:: DATASET CONTENT ::

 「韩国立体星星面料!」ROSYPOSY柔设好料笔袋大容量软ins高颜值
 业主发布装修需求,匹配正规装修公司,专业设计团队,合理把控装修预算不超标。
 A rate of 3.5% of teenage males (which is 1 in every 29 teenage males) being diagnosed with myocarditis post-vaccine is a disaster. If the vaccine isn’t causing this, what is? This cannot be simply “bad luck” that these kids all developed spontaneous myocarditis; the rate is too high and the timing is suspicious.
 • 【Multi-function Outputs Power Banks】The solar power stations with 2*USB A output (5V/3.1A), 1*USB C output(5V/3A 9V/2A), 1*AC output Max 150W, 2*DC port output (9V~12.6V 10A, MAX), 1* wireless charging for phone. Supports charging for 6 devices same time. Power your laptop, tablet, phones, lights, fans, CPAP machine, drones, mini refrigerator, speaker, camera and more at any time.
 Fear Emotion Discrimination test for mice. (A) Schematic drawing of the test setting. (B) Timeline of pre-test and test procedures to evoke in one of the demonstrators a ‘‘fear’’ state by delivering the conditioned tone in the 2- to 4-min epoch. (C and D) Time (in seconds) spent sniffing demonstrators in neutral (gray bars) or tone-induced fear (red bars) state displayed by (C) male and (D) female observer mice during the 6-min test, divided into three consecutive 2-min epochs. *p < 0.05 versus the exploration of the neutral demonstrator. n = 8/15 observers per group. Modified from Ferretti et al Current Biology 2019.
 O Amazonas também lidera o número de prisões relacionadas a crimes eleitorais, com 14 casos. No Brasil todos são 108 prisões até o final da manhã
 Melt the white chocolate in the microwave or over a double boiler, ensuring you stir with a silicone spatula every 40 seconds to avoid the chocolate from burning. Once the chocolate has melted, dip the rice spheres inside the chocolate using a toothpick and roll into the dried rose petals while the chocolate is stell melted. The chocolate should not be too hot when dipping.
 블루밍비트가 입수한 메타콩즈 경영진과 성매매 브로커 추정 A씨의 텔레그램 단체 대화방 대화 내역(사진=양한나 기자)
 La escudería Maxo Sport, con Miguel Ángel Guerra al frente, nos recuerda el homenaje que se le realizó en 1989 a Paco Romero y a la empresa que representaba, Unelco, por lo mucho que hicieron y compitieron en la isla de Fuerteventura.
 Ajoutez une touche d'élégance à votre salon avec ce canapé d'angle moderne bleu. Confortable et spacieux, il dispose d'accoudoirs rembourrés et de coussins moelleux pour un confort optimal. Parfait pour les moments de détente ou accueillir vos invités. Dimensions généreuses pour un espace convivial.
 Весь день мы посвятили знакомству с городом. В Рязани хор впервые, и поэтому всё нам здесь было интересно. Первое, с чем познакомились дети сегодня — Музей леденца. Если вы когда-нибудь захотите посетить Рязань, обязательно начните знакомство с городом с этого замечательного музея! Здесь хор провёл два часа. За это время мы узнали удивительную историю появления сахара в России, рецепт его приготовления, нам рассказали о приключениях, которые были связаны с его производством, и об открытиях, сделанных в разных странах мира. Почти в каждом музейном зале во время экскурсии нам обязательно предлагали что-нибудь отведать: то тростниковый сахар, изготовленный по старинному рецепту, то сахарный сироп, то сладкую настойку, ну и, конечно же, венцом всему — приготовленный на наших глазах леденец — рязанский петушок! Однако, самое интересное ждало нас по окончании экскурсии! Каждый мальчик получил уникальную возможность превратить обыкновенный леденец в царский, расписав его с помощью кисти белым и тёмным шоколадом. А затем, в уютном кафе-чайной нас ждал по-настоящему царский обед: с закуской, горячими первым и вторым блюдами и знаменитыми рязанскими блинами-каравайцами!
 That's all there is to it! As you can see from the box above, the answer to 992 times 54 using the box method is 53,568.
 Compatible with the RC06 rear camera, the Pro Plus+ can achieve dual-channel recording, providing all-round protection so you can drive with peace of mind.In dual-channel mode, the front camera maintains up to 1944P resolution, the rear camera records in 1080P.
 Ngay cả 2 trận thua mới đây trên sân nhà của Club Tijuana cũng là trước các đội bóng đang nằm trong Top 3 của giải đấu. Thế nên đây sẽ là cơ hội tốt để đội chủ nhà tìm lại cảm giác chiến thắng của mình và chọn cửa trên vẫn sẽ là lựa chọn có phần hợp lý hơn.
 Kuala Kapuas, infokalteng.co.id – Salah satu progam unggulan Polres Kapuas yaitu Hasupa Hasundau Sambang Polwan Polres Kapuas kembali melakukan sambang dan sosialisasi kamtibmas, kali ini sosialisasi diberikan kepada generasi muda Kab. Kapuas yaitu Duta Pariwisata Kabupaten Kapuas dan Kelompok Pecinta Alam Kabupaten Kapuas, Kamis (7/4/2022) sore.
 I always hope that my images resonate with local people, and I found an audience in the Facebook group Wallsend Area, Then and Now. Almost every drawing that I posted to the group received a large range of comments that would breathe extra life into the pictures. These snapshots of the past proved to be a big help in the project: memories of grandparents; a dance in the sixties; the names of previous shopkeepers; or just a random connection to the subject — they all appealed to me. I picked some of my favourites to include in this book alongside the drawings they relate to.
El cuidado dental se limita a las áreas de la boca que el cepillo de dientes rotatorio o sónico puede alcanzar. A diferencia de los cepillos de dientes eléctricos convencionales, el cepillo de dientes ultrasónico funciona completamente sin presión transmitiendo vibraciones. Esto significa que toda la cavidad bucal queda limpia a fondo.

:::

### ASSIGNMENT
Your answer should be the lines above that contain the word "from", copied out.

### EXERCISE RESULT
 Fear Emotion Discrimination test for mice. (A) Schematic drawing of the test setting. (B) Timeline of pre-test and test procedures to evoke in one of the demonstrators a ‘‘fear’’ state by delivering the conditioned tone in the 2- to 4-min epoch. (C and D) Time (in seconds) spent sniffing demonstrators in neutral (gray bars) or tone-induced fear (red bars) state displayed by (C) male and (D) female observer mice during the 6-min test, divided into three consecutive 2-min epochs. *p < 0.05 versus the exploration of the neutral demonstrator. n = 8/15 observers per group. Modified from Ferretti et al Current Biology 2019.
 Melt the white chocolate in the microwave or over a double boiler, ensuring you stir with a silicone spatula every 40 seconds to avoid the chocolate from burning. Once the chocolate has melted, dip the rice spheres inside the chocolate using a toothpick and roll into the dried rose petals while the chocolate is stell melted. The chocolate should not be too hot when dipping.
 That's all there is to it! As you can see from the box above, the answer to 992 times 54 using the box method is 53,568.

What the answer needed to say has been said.